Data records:
══════

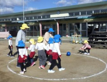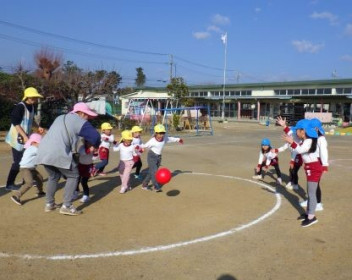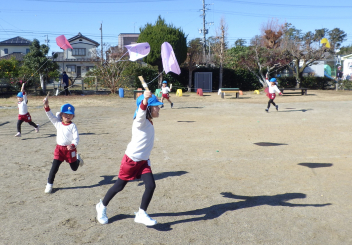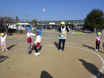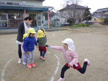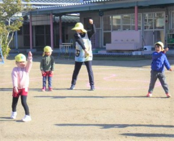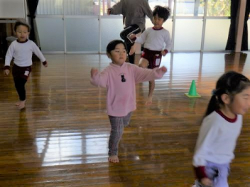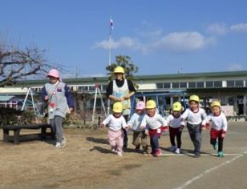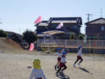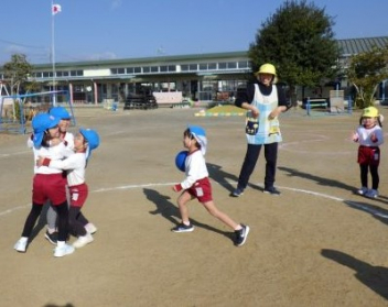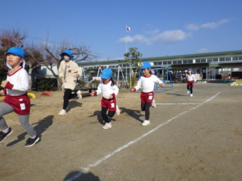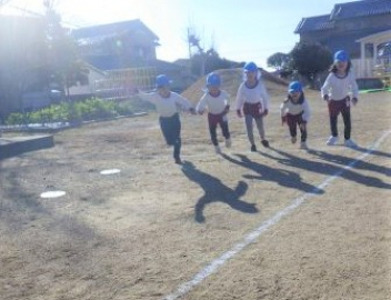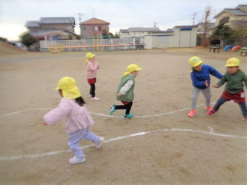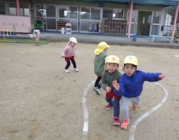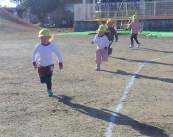 園庭を走るよ「ヨーイドン」
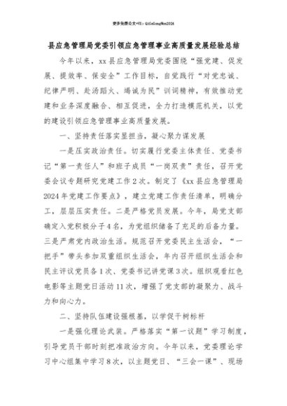 【七哥公文】2025年:【七哥公文】县应急管理局党委引领应急管理事业高质量发展经验总结+更多免费公文+VX:QiGeGongWen2024+更多免费公文+VX:QiGeGongWen2024
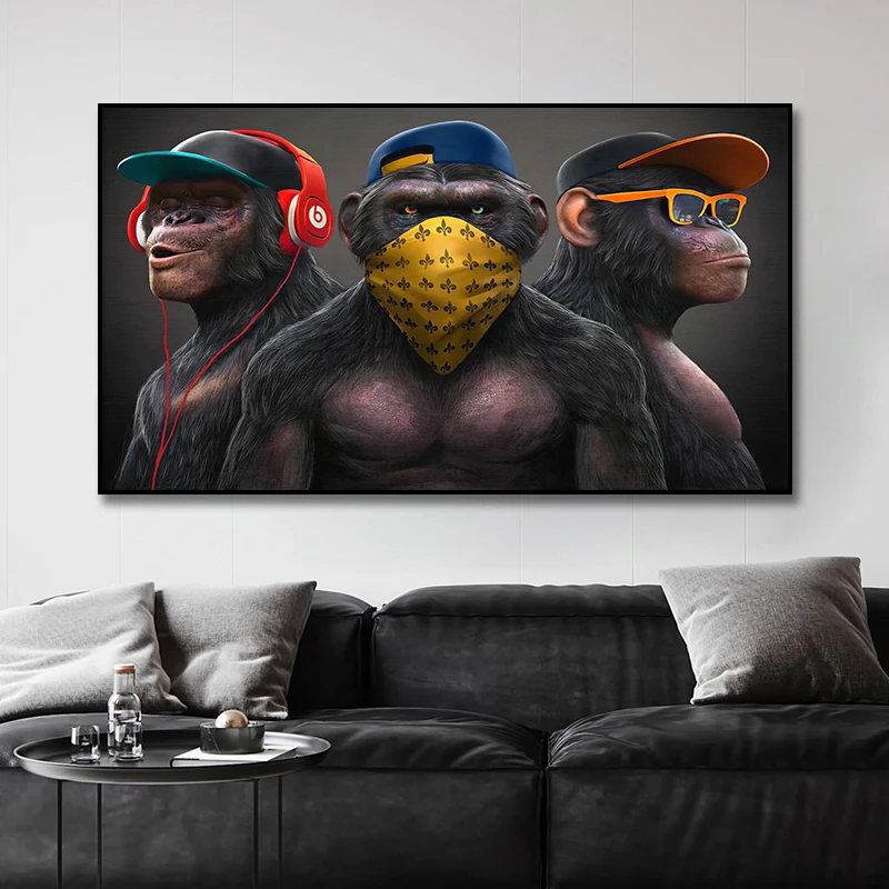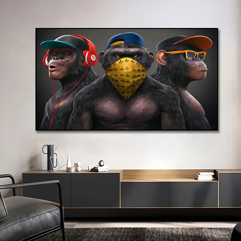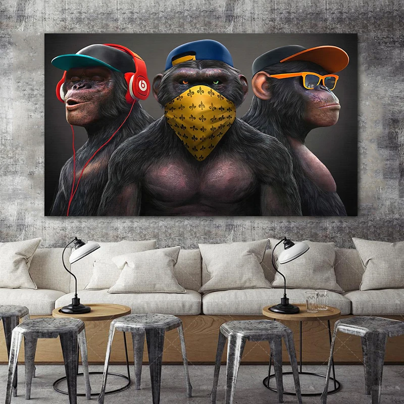 Постер с 3 обезьянами, классное граффити, уличное искусство, Картина на холсте, настенное искусство для гостиной, домашний декор, плакаты и принты, украшение на стену
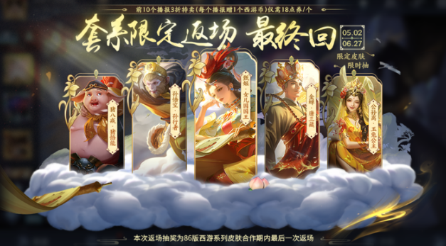 2、本次返场抽奖为86版西游系列皮肤。
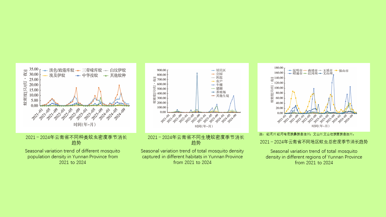 目的: 掌握云南省蚊虫种类构成、密度动态及季节消长规律,为蚊媒传染病风险评估和精准防控提供科学依据。方法: 按照《全国病媒生物监测实施方案》,采用诱蚊灯法于2021-2024年在云南省开展成蚊月度监测,通过形态学方法鉴定蚊种,利用Kruskal-Wallis H检验比较蚊密度、χ2检验分析蚊种群构成差异,采用Joinpoint对数线性回归模型分析蚊密度动态变化趋势,选择Pearson相关分析评估成蚊密度与气象数据的关联性。结果: 2021-2024年云南省平均蚊密度为8.56只/(灯·夜),2021-2024年总蚊密度呈上升趋势,年度变化百分比(APC)=30.05(95%CI:8.14~56.94,Z=5.271,P=0.034),三带喙库蚊与淡色/致倦库蚊构成比较高,分别为47.56%(65 357/137 420)和36.16%(49 692/137 420),中华按蚊和白纹伊蚊次之,分别为9.89%(13 592/137 420)和1.16%(1 596/137 420)。蚊密度高峰期集中于6-9月,呈单峰(2021-2022年)或双峰型(2023-2024年)。养殖场、牛棚、猪圈、农户、居民区、公园和医院的蚊密度分别为149.08、21.92、18.77、7.87、6.45、4.09和3.84只/(灯·夜),不同生境间蚊种构成差异有统计学意义(χ²=24 211.241,P < 0.001);牲畜场所(牛棚、猪圈、养殖场)以三带喙库蚊为主要蚊种。不同地区蚊种构成差异有统计学意义(χ²=45 287.397,P < 0.001);保山市和昭通市蚊密度较高,为26.31和25.16只/(灯·夜),红河哈尼族彝族自治州最低,为1.72只/(灯·夜)。云南省总蚊密度与平均气压和平均风速呈显著负相关(r=-0.719,P < 0.001;r=-0.354,P=0.014),与平均气温、相对湿度和月降水量呈显著正相关(r=0.749,P < 0.001;r=0.491,P < 0.001;r=0.795,P < 0.001)。结论: 云南省2021-2024年蚊密度呈明显上升趋势,牲畜养殖环境是蚊虫高发区域,6-9月为防控关键期,需针对滇西(保山市)、滇东北(昭通市)及养殖场/牛棚/猪圈等蚊虫高发区域强化干预。

══════

Task instructions: Every entry above has to be repeated exactly, apart from its pictures.

Exercise output:
 園庭を走るよ「ヨーイドン」
 【七哥公文】2025年:【七哥公文】县应急管理局党委引领应急管理事业高质量发展经验总结+更多免费公文+VX:QiGeGongWen2024+更多免费公文+VX:QiGeGongWen2024
 Постер с 3 обезьянами, классное граффити, уличное искусство, Картина на холсте, настенное искусство для гостиной, домашний декор, плакаты и принты, украшение на стену
 2、本次返场抽奖为86版西游系列皮肤。
 目的: 掌握云南省蚊虫种类构成、密度动态及季节消长规律,为蚊媒传染病风险评估和精准防控提供科学依据。方法: 按照《全国病媒生物监测实施方案》,采用诱蚊灯法于2021-2024年在云南省开展成蚊月度监测,通过形态学方法鉴定蚊种,利用Kruskal-Wallis H检验比较蚊密度、χ2检验分析蚊种群构成差异,采用Joinpoint对数线性回归模型分析蚊密度动态变化趋势,选择Pearson相关分析评估成蚊密度与气象数据的关联性。结果: 2021-2024年云南省平均蚊密度为8.56只/(灯·夜),2021-2024年总蚊密度呈上升趋势,年度变化百分比(APC)=30.05(95%CI:8.14~56.94,Z=5.271,P=0.034),三带喙库蚊与淡色/致倦库蚊构成比较高,分别为47.56%(65 357/137 420)和36.16%(49 692/137 420),中华按蚊和白纹伊蚊次之,分别为9.89%(13 592/137 420)和1.16%(1 596/137 420)。蚊密度高峰期集中于6-9月,呈单峰(2021-2022年)或双峰型(2023-2024年)。养殖场、牛棚、猪圈、农户、居民区、公园和医院的蚊密度分别为149.08、21.92、18.77、7.87、6.45、4.09和3.84只/(灯·夜),不同生境间蚊种构成差异有统计学意义(χ²=24 211.241,P < 0.001);牲畜场所(牛棚、猪圈、养殖场)以三带喙库蚊为主要蚊种。不同地区蚊种构成差异有统计学意义(χ²=45 287.397,P < 0.001);保山市和昭通市蚊密度较高,为26.31和25.16只/(灯·夜),红河哈尼族彝族自治州最低,为1.72只/(灯·夜)。云南省总蚊密度与平均气压和平均风速呈显著负相关(r=-0.719,P < 0.001;r=-0.354,P=0.014),与平均气温、相对湿度和月降水量呈显著正相关(r=0.749,P < 0.001;r=0.491,P < 0.001;r=0.795,P < 0.001)。结论: 云南省2021-2024年蚊密度呈明显上升趋势,牲畜养殖环境是蚊虫高发区域,6-9月为防控关键期,需针对滇西(保山市)、滇东北(昭通市)及养殖场/牛棚/猪圈等蚊虫高发区域强化干预。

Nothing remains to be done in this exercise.